---- DATA EXTRACTS

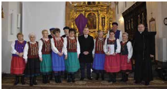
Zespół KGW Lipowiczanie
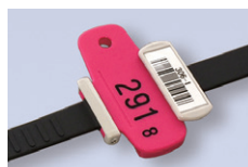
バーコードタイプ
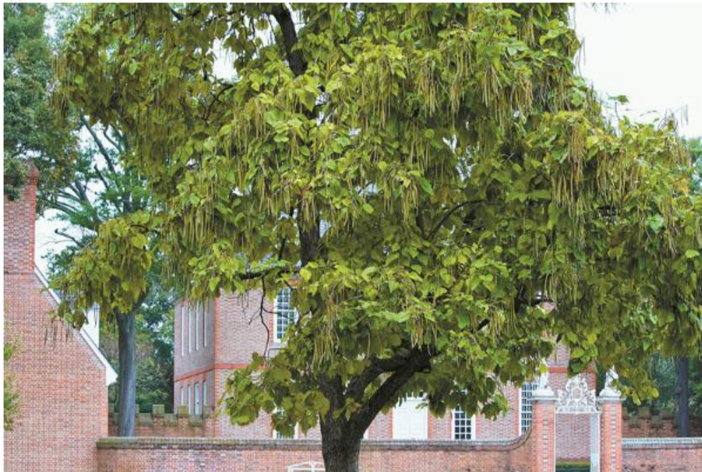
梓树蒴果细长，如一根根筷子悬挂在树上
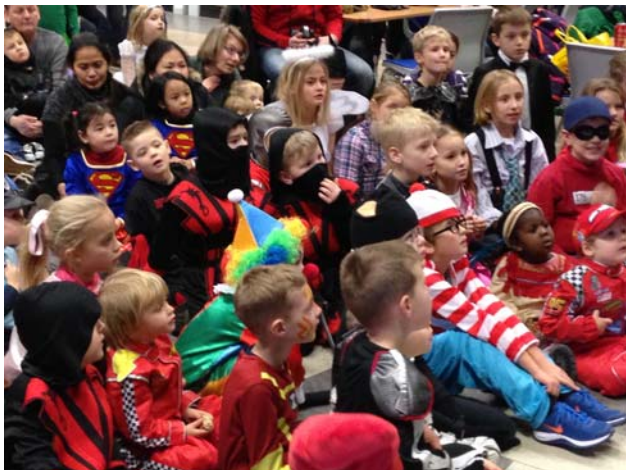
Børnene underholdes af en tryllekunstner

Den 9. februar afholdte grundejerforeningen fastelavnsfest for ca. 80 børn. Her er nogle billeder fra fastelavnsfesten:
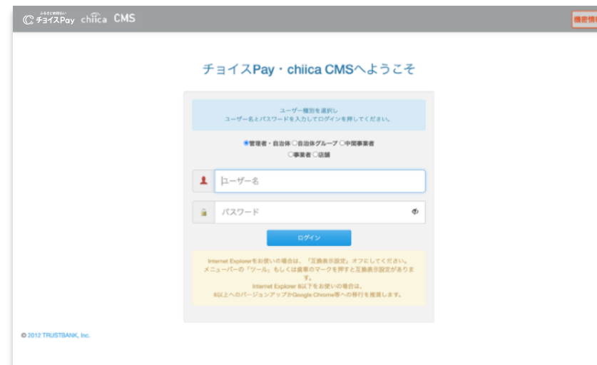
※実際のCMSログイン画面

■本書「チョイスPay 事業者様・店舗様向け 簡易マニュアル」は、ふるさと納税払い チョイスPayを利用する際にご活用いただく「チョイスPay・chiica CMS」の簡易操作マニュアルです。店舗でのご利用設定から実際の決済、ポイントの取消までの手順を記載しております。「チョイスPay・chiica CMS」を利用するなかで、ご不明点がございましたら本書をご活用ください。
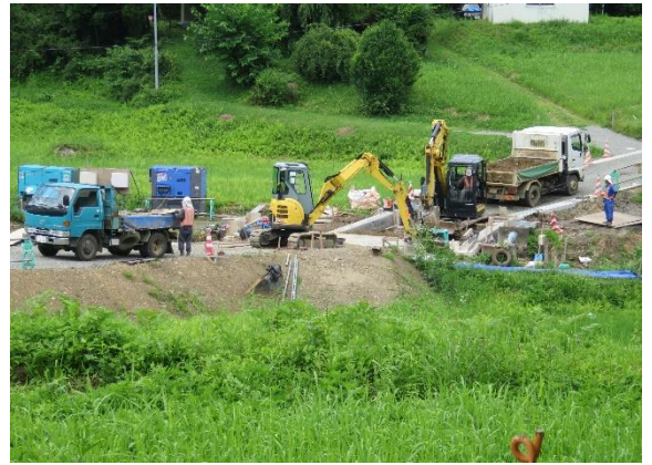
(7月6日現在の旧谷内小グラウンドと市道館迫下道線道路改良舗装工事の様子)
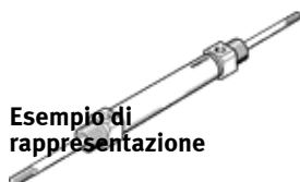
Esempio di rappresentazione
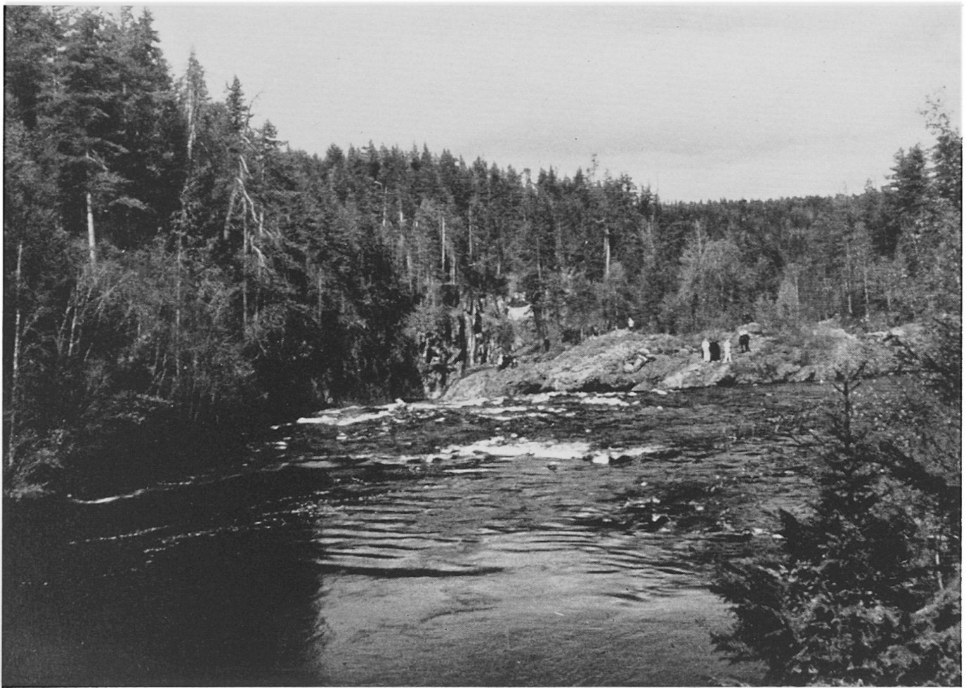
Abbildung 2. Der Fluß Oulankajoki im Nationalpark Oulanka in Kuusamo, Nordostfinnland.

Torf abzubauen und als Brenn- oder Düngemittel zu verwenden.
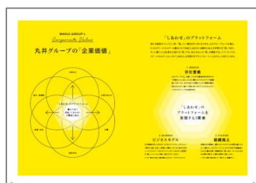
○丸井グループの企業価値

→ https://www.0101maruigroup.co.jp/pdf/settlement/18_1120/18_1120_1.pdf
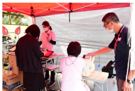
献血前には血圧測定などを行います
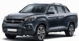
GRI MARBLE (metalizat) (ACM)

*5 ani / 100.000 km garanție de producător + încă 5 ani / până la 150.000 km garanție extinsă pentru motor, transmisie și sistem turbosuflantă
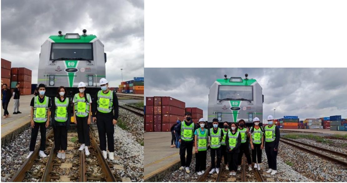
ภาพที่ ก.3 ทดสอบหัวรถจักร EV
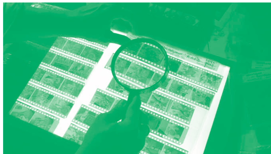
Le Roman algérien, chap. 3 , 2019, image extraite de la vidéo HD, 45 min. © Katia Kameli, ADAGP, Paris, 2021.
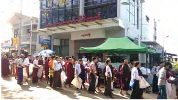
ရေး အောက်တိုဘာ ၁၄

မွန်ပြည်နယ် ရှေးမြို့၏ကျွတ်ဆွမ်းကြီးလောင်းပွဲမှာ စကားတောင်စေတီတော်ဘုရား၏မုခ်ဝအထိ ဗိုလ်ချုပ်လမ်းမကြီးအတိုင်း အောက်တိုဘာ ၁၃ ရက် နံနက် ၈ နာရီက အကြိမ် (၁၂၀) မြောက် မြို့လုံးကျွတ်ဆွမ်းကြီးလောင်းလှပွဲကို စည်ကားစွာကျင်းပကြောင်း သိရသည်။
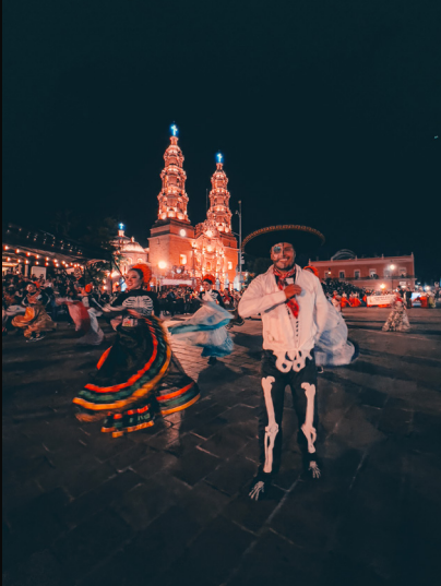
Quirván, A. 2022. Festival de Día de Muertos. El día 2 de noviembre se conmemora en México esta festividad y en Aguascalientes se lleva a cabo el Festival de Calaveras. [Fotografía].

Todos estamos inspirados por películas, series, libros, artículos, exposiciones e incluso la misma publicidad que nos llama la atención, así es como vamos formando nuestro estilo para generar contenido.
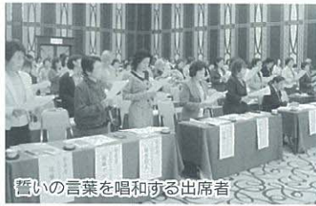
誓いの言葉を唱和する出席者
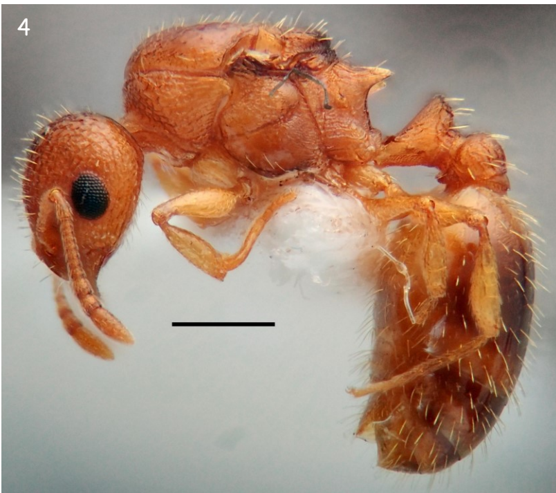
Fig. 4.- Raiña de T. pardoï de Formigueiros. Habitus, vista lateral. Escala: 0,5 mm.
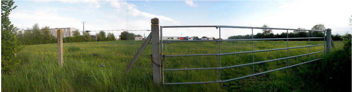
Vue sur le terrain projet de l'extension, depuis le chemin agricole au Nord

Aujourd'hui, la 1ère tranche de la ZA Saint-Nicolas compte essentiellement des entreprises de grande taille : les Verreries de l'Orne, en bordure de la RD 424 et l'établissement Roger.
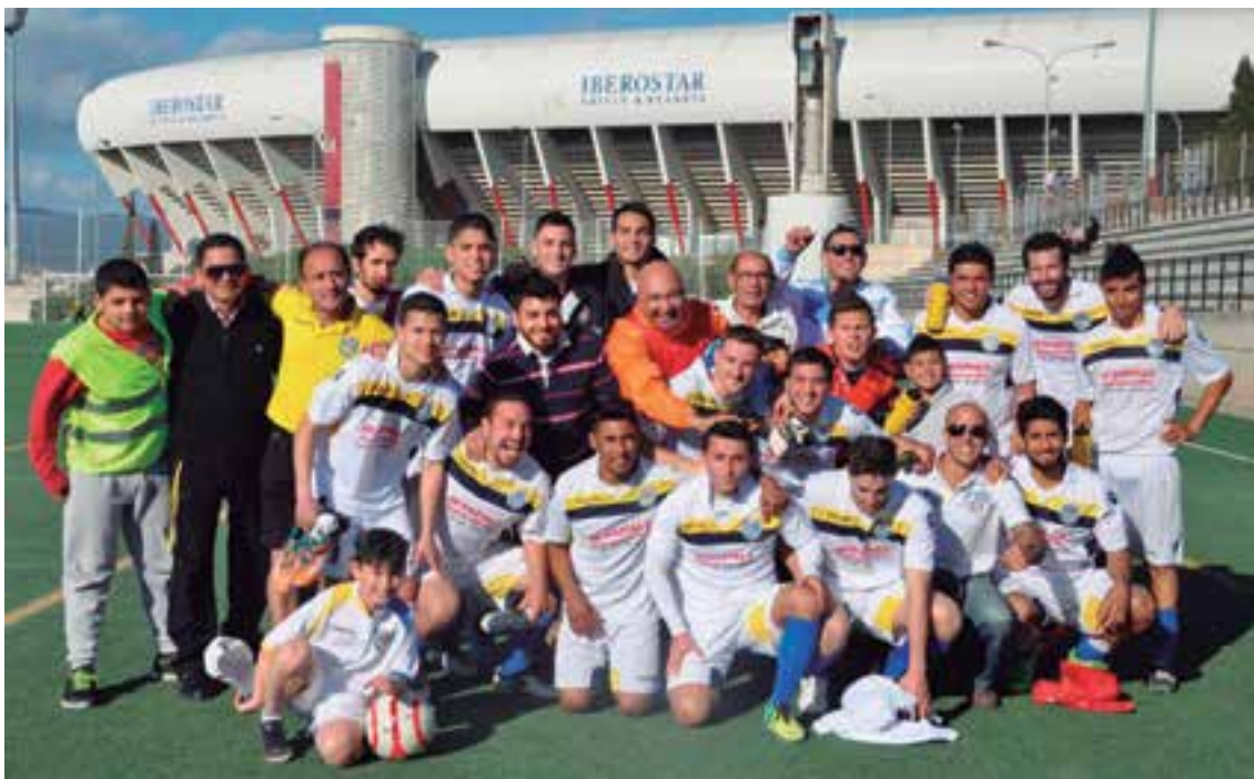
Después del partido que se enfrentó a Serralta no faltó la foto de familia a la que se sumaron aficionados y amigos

--------

TASK OBJECTIVE
Produce the data again character for character, with the images left out.

WRITTEN REPLY
Zespół KGW Lipowiczanie
バーコードタイプ
梓树蒴果细长，如一根根筷子悬挂在树上
Børnene underholdes af en tryllekunstner

Den 9. februar afholdte grundejerforeningen fastelavnsfest for ca. 80 børn. Her er nogle billeder fra fastelavnsfesten:
※実際のCMSログイン画面

■本書「チョイスPay 事業者様・店舗様向け 簡易マニュアル」は、ふるさと納税払い チョイスPayを利用する際にご活用いただく「チョイスPay・chiica CMS」の簡易操作マニュアルです。店舗でのご利用設定から実際の決済、ポイントの取消までの手順を記載しております。「チョイスPay・chiica CMS」を利用するなかで、ご不明点がございましたら本書をご活用ください。
(7月6日現在の旧谷内小グラウンドと市道館迫下道線道路改良舗装工事の様子)
Esempio di rappresentazione
Abbildung 2. Der Fluß Oulankajoki im Nationalpark Oulanka in Kuusamo, Nordostfinnland.

Torf abzubauen und als Brenn- oder Düngemittel zu verwenden.
○丸井グループの企業価値

→ https://www.0101maruigroup.co.jp/pdf/settlement/18_1120/18_1120_1.pdf
献血前には血圧測定などを行います
GRI MARBLE (metalizat) (ACM)

*5 ani / 100.000 km garanție de producător + încă 5 ani / până la 150.000 km garanție extinsă pentru motor, transmisie și sistem turbosuflantă
ภาพที่ ก.3 ทดสอบหัวรถจักร EV
Le Roman algérien, chap. 3 , 2019, image extraite de la vidéo HD, 45 min. © Katia Kameli, ADAGP, Paris, 2021.
ရေး အောက်တိုဘာ ၁၄

မွန်ပြည်နယ် ရှေးမြို့၏ကျွတ်ဆွမ်းကြီးလောင်းပွဲမှာ စကားတောင်စေတီတော်ဘုရား၏မုခ်ဝအထိ ဗိုလ်ချုပ်လမ်းမကြီးအတိုင်း အောက်တိုဘာ ၁၃ ရက် နံနက် ၈ နာရီက အကြိမ် (၁၂၀) မြောက် မြို့လုံးကျွတ်ဆွမ်းကြီးလောင်းလှပွဲကို စည်ကားစွာကျင်းပကြောင်း သိရသည်။
Quirván, A. 2022. Festival de Día de Muertos. El día 2 de noviembre se conmemora en México esta festividad y en Aguascalientes se lleva a cabo el Festival de Calaveras. [Fotografía].

Todos estamos inspirados por películas, series, libros, artículos, exposiciones e incluso la misma publicidad que nos llama la atención, así es como vamos formando nuestro estilo para generar contenido.
誓いの言葉を唱和する出席者
Fig. 4.- Raiña de T. pardoï de Formigueiros. Habitus, vista lateral. Escala: 0,5 mm.
Vue sur le terrain projet de l'extension, depuis le chemin agricole au Nord

Aujourd'hui, la 1ère tranche de la ZA Saint-Nicolas compte essentiellement des entreprises de grande taille : les Verreries de l'Orne, en bordure de la RD 424 et l'établissement Roger.
Después del partido que se enfrentó a Serralta no faltó la foto de familia a la que se sumaron aficionados y amigos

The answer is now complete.